Friday, May 07, 2004

The General (with the Alloy Orchestra)

* * * * (out of four)
Seen 6 May 2004 at the Museum of Fine Arts, Remis Auditorium (Music for Silent Films)

I'd seen The General before, but not with live accompaniment, and I'd been quite unhappy to miss the Alloy Orchestra's performance of their score at the Somerville Theater back in January. I considered this presentation at the MFA a stroke of luck, especially considering I'm currently working just down the street at Northeastern University.

The General is, after all, one of a very few perfect movies. The only argument one can make against its perfection is that it takes place during the civil war with the Confederate Army being the heroes, but given that the IMDB has it as being based on a memoir, that can't be helped (and I imagine there are parts of the country where this is a point in its favor). Everything else, though, is gold. The General may hold a claim on being the first action comedy, or at least the first great one.

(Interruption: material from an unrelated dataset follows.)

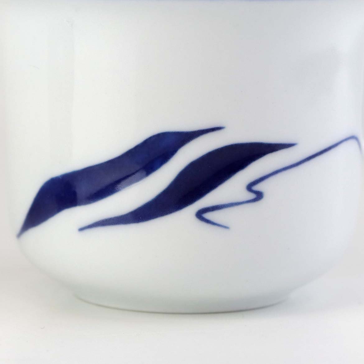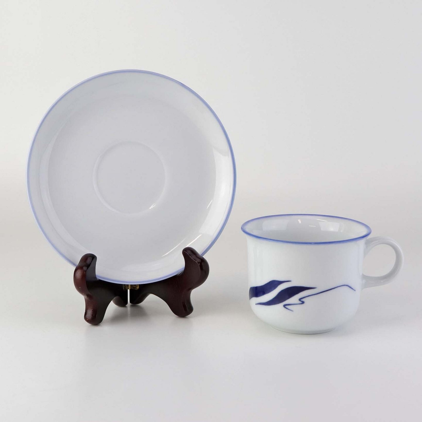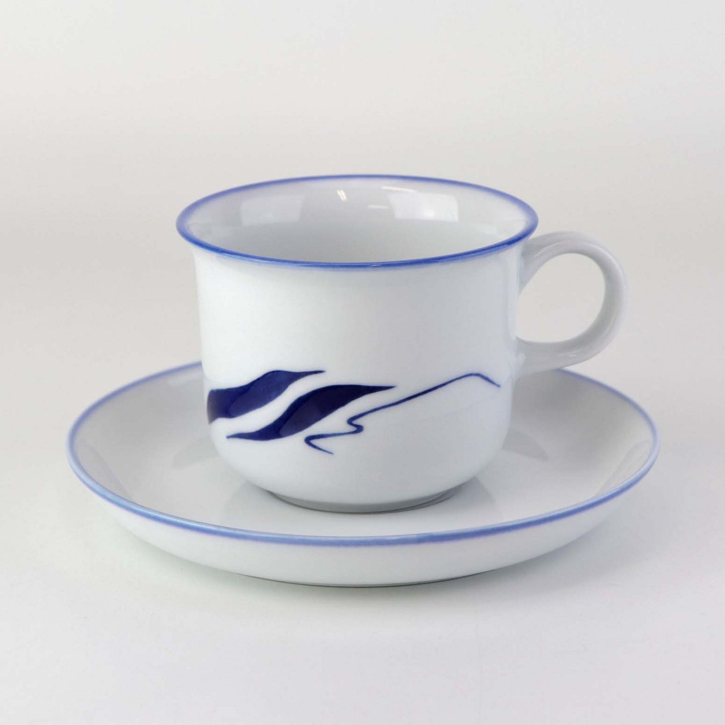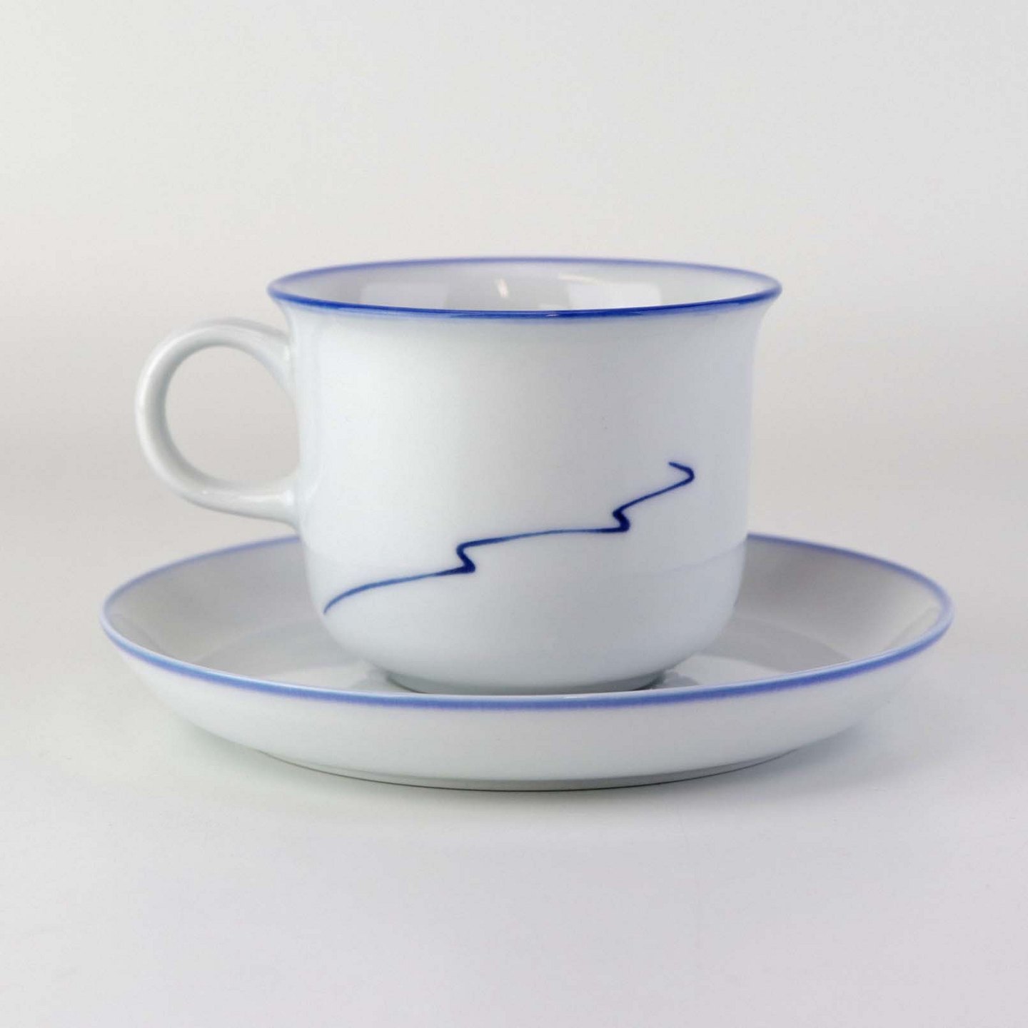 Stel i glat hvidt porcelæn med lyseblå kant og blåt bølget dekoration

After establishing its characters with speed and efficiency in the start (Keaton's Johnny Gray is utterly besotted with both his train and his girl; Marion Mack's Annabelle Lee is strong but playful), the rest of the movie is taken up by a series of of set pieces, the most elaborate ever filmed at the time. The mix of action and physical comedy is still impressive, even before you consider that Keaton and co-director Clyde Bruckman did not have blue screens, computer-generated imagery, or many other effects techniques available to them. If they needed a shot of a cannonball nearly missing Keaton, then Keaton nearly got shot by a cannon. It was that simple.

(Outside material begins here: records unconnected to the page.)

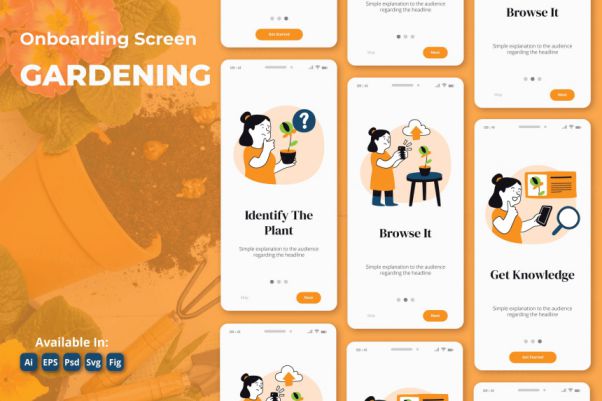 园艺和植物应用程序启动页插画模板(AI,EPS,FIG,PSD,SVG
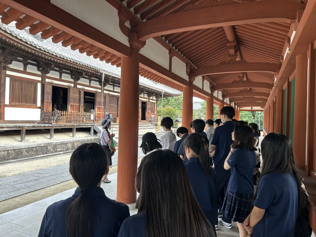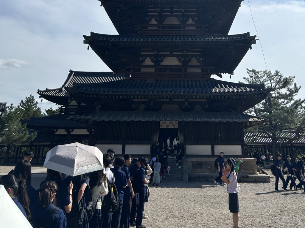 まずは法隆寺。クラス写真を撮った後は、クラス毎にバスガイドさんの話を聞きながら見学をしました。説明を聞いた後に実際に見学するとより楽しかったようで、目を輝かせながら見学していました。
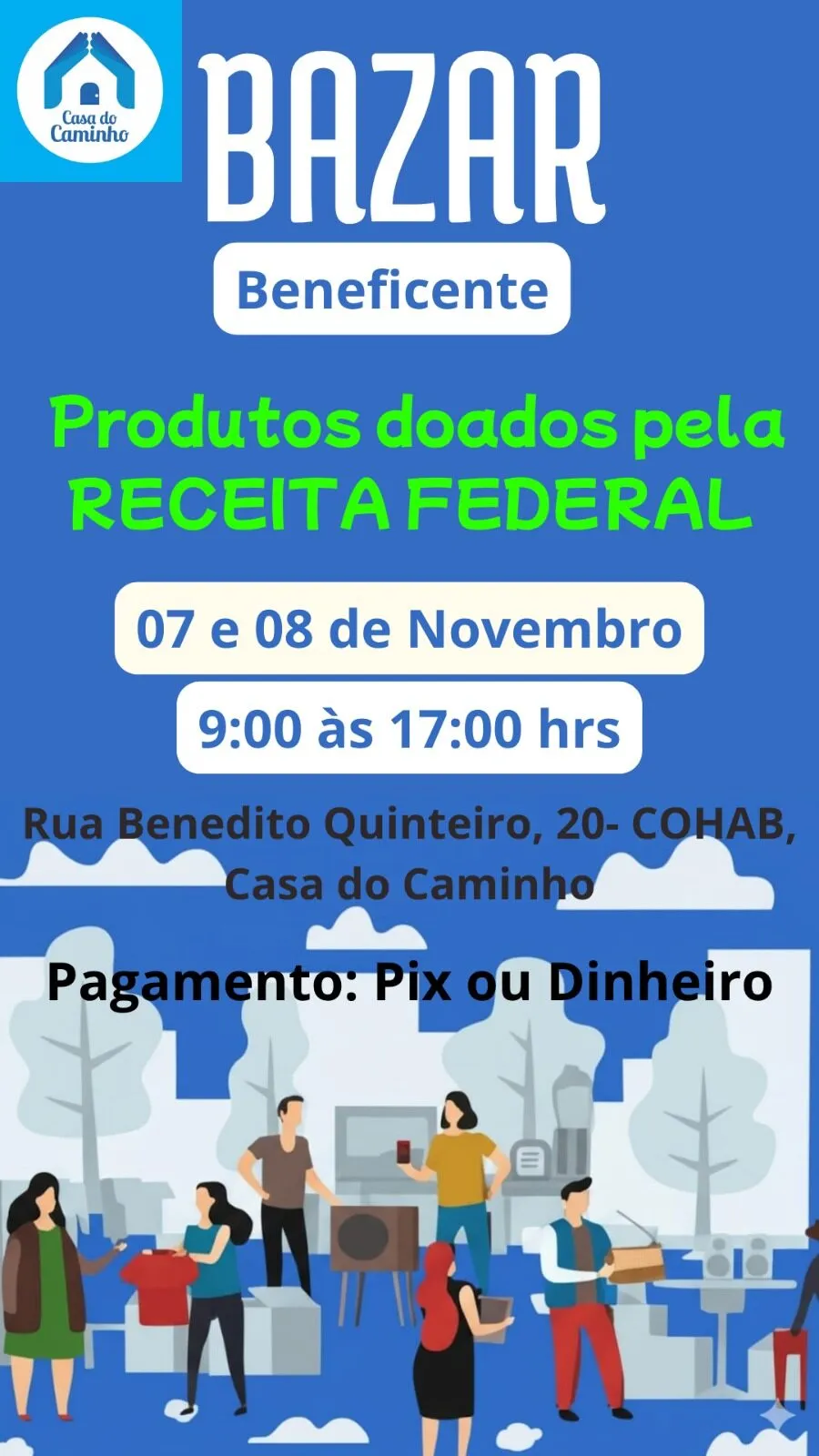 A Casa do Caminho promove nesta sexta e sábado, dias 7 e 8 de novembro, a partir das 9h, um bazar beneficente com produtos doados pela Receita Federal. O evento acontece na sede da instituição, localizada na Rua Benedito Quinteiro, nº 20, bairro Conjunto Habitacional, em Poços de Caldas.

The action in this movie is a work of incredible precision. Keaton performs various acrobatic stunts in service of the adventure and physical comedy without seeming to show off, always accomplishing exactly what he set out to do, whether it be to give his audience a thrill, a laugh, or both at once. Rather than mug for the camera, he reacts to the strange things around him with understated surprise, confused but willing to overcome new obstacles. OK, he seems to be saying, that rail car that was behind my engine is now in front of it - that's clearly impossible, but the question is how to deal with it. (It's not impossible, of course - it's a perfect demonstration of how an object in motion tends to stay in motion)

The Alloy Orchestra contributes a score that matches the film's energy, as well as filling in the odd sound effect with the proper bit of percussion (the score is included on the Image DVD, for those that cannot make a live performance). The movie features solid acting, great action, physical and deadpan comedy, large set-pieces, and absolutely no wasted runtime. The kids in the audience had as much fun as the long-time silent film buffs; there's nothing not to love.